For most environmental science endeavors, data and code sharing are part of the research‐to‐operations feedback loop. “Operations” refers to continuous data collection for scientific research and hazard monitoring. By sharing these tools with other researchers, datasets are more fully and effectively utilized. Satellite data providers can upgrade existing datasets if there is a demand. Globally, satellite data are provided through data portals by NASA, NOAA, EUMETSAT, ESA, JAXA, and other international agencies. However, the value of these datasets is often only visible through scientific journal articles, which only represent a small subset of potential users. For instance, if the applications of satellite observations used for routine disaster mitigation and planning in a disadvantaged nation are not published in a scientific journal, improvements for disaster‐mitigation specific needs may never be met.
Further, there may be unexpected or novel uses of datasets that can drive scientific inquiry, but if the code that brings those uses to life is hastily written and not easily understood, it is effectively a waste of time for colleagues to attempt to employ such applications. By sharing clearly written code and corresponding documentation for satellite data applications, users can alert colleagues in their community of the existence of scientific breakthrough efforts and expand the potential value of satellite datasets within and beyond their community. Moreover, public knowledge of those efforts can help justify the versatility and value of satellite missions and provide a return on investment for organizations that fund them. In the end, the dissemination of code and data analysis tools will only benefit the scientific community as a whole.

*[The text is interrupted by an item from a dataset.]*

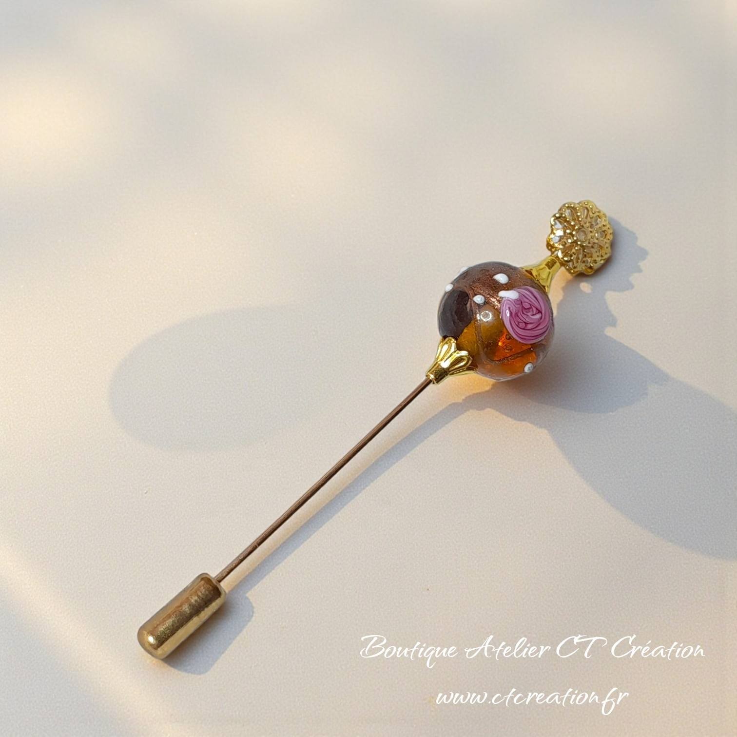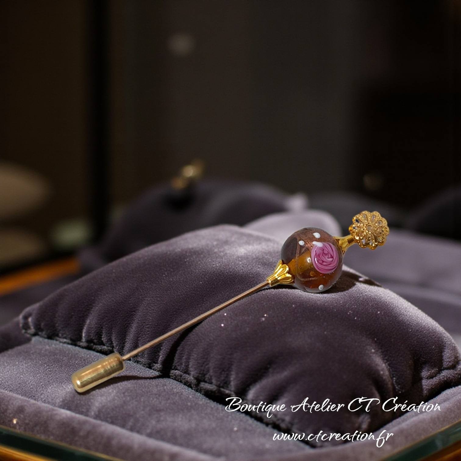 Apportez une touche d’élégance et d’originalité à vos tenues avec cette fibule artisanale unique, réalisée en atelier avec une perle en verre de Murano décor Floral, finition petites rosace en acier doré

1 A TOUR OF CURRENT SATELLITE MISSIONS AND PRODUCTS
There are thousands of datasets containing observations of the Earth. This chapter describes some satellite types, orbits, and missions, which benefit a variety of fields within Earth sciences, including atmospheric science, oceanography, and hydrology. Data are received on the ground through receiver stations and processed for use using retrieval algorithms. But the raw data requires further manipulation to be useful, and Python is a good choice for analysis and visualization of these datasets.
At present, there are over 13,000 satellite‐based Earth observations freely and openly listed on www.data.gov.